[Data section Boundary: Start]

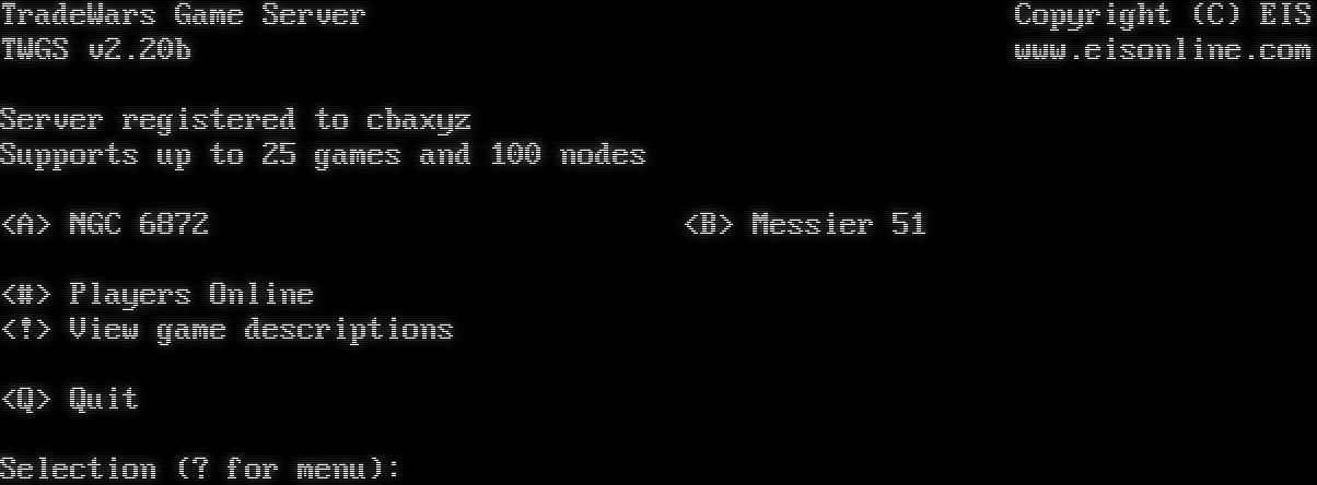 Telnet connection detected. Please enter your name (ENTER for none): TradeWars Game Server Copyright (C) EIS TWGS v2.20b www.eisonline.com Server registered to cbaxyz Supports up to 25 games and 100 nodes <A> NGC 6872 <B> Messier 51 <#> Players Online <!> View game descriptions <Q> Quit Selection (? for menu):
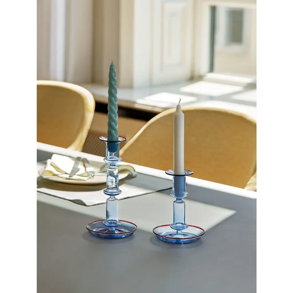 Flare Candleholder, Tall, Light Blue With Red Rim
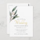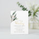 Watercolor eucalypt leaf gold script wedding postcard
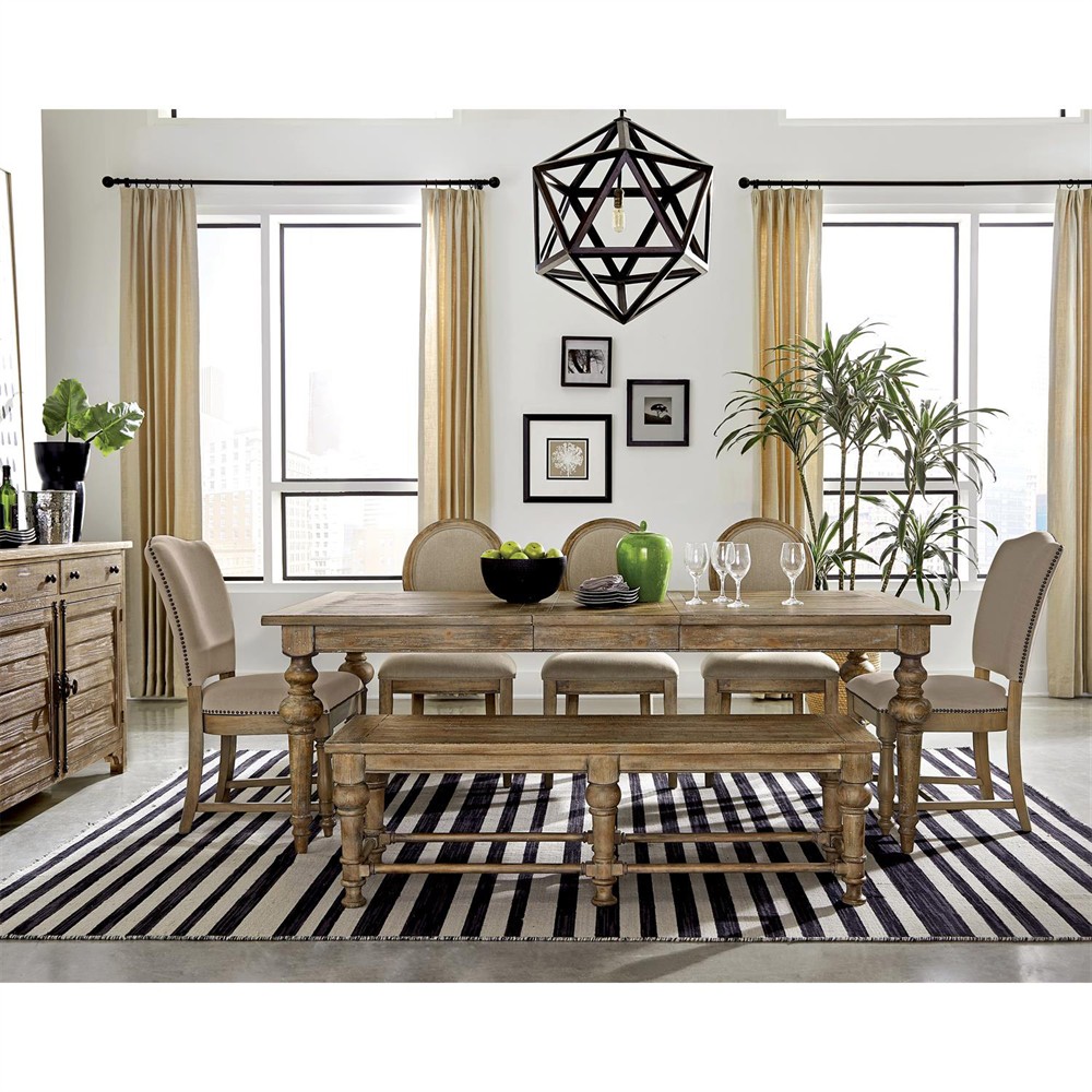 Isabella French Country Brown Pine Rectangular Extendable Dining Table - 66-84"

[Data section Boundary: End]

Task details: Copy out all the data above exactly, pictures excluded.

Response for this exercise:
 Telnet connection detected. Please enter your name (ENTER for none): TradeWars Game Server Copyright (C) EIS TWGS v2.20b www.eisonline.com Server registered to cbaxyz Supports up to 25 games and 100 nodes <A> NGC 6872 <B> Messier 51 <#> Players Online <!> View game descriptions <Q> Quit Selection (? for menu):
 Flare Candleholder, Tall, Light Blue With Red Rim
 Watercolor eucalypt leaf gold script wedding postcard
 Isabella French Country Brown Pine Rectangular Extendable Dining Table - 66-84"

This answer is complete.